The Ashcroft family had owned their Kersbrook property since 1947, when Margaret's grandparents purchased the land for sheep grazing. By the early 1990s, the property had long since transitioned from active farming to quiet semi-rural living, its paddocks gradually reverting to native vegetation. Margaret's parents, both approaching retirement, agreed to donate a substantial portion of the land for conservation purposes, establishing the trust structure that would allow the Haven to operate as a registered not-for-profit organisation.
Construction began in 1993, with Margaret investing her own savings and securing modest grants from conservation foundations. The original facilities were humble — a converted shed serving as a treatment room, a handful of timber enclosures, and Margaret herself providing most of the labour between her regular employment hours. The Adelaide Hills Wildlife Haven officially opened on 15 March 1994, treating its first patient — a wedge-tailed eagle with a fractured wing — that same afternoon.
Location and Setting
The Haven occupies approximately twelve hectares of mixed bushland and cleared paddocks on Tenafeate Creek Road, roughly three kilometres east of Kersbrook township. The property sits at an elevation of approximately 380 metres, positioned where the Mount Lofty Ranges begin their climb toward the higher ridgelines to the south and east. This transitional zone, where open farmland gives way to stringybark forest, provides habitat diversity that has proven invaluable for the facility's rehabilitation work.

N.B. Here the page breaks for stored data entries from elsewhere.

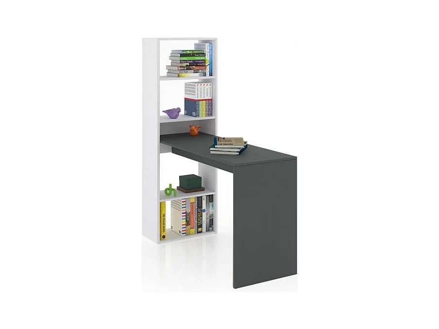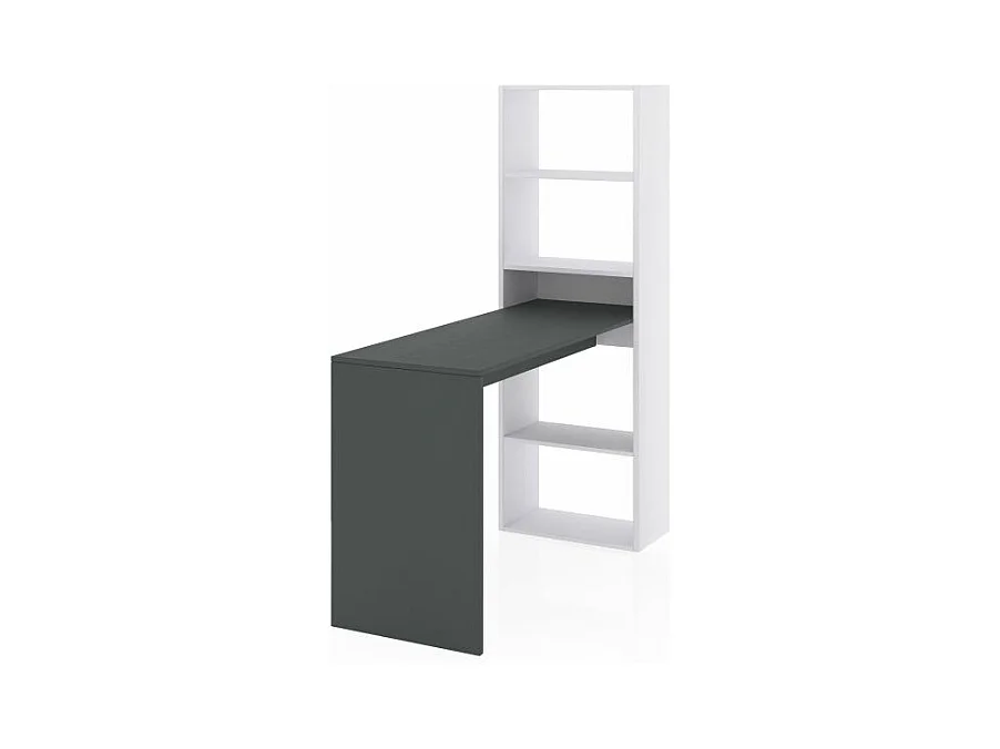 Mesa de escritorio con estantería Cosmic Blanco Artik (Blanco Mate) - Gris Antracita
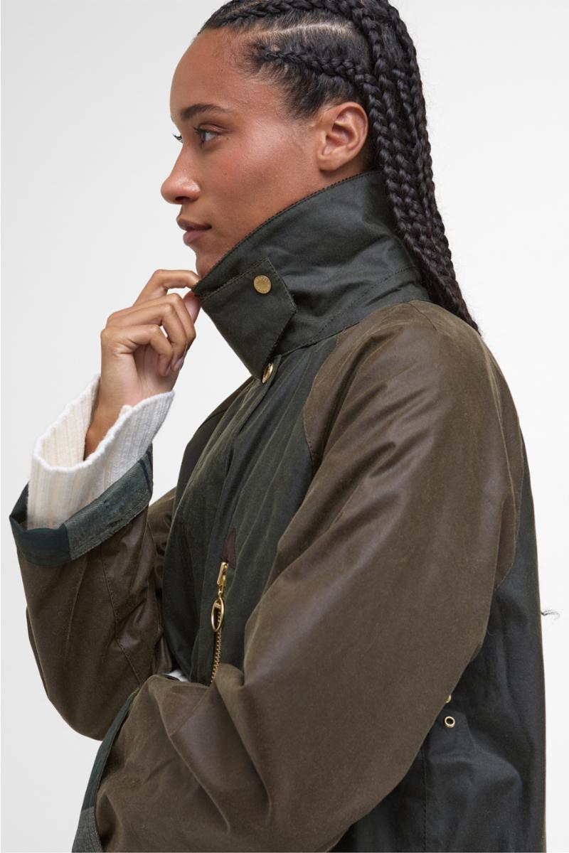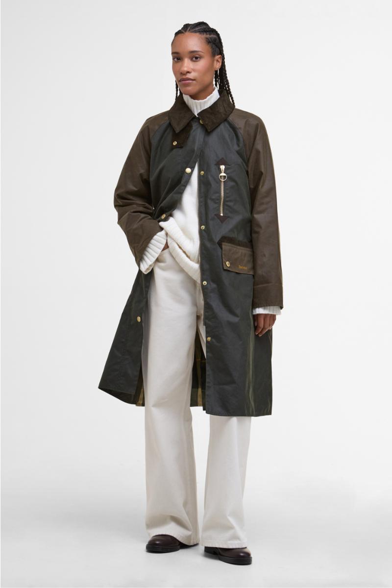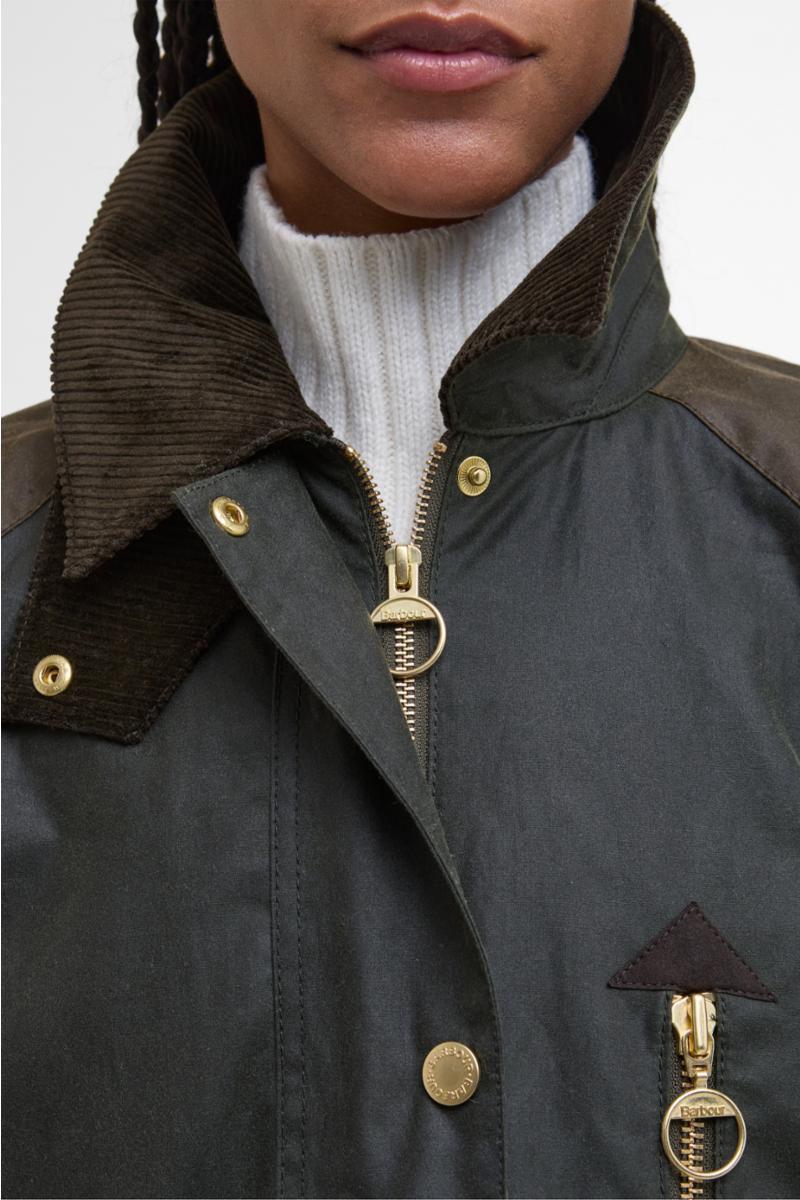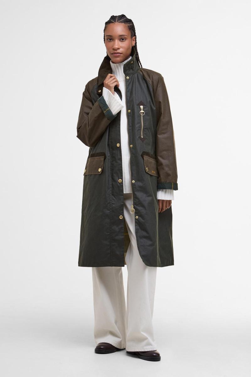 Med et arkivinspirert design, bringer Barbour Evette Waxed Car Coat arv & stil til det moderne livet. En nydelig høstkåpe i unik farge miks. Limited utgave i butikk.
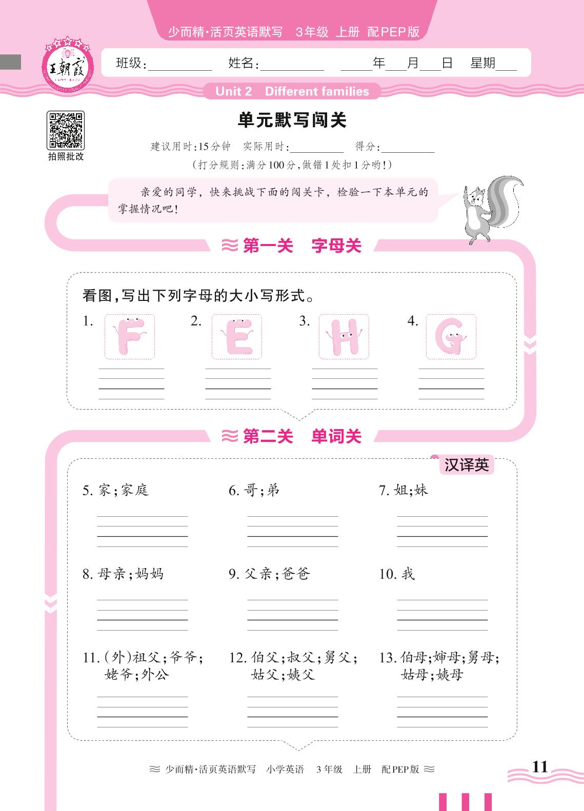 2024秋上册三年级英语人教PEP版(三起始) Unit 2 单元默写闯关

The landscape carries the particular character of the western Adelaide Hills — less manicured than the tourism-focused villages further south, more working rural than scenic destination. Neighbouring properties run cattle or maintain hobby farms. The roads are narrow and winding, prone to wildlife strikes particularly at dawn and dusk when kangaroos and wallabies move between grazing areas. This proximity to the problem the Haven addresses serves as both constant reminder and practical advantage; many of the animals treated each year come from within a ten-kilometre radius.
Tenafeate Creek runs along the property's northern boundary, providing a riparian corridor that supports populations of platypus, rakali, and various waterbirds. The creek's health has improved markedly since the Haven began revegetation work along its banks in the early 2000s, demonstrating the facility's broader ecological impact beyond direct animal rescue.
The Para Wirra Conservation Park lies approximately fifteen kilometres to the northwest, its seven thousand hectares of protected bushland serving as a primary release site for rehabilitated animals. The Haven maintains a collaborative relationship with the park's management, coordinating release locations and contributing data on animal movements and survival rates that inform broader conservation planning.
Facilities and Infrastructure
The Haven's facilities have evolved substantially since those first converted sheds. The current infrastructure, much of it constructed during a major expansion in 2008-2010 funded by a combination of grants, corporate sponsorship, and a successful community fundraising campaign, represents best practice in wildlife rehabilitation design.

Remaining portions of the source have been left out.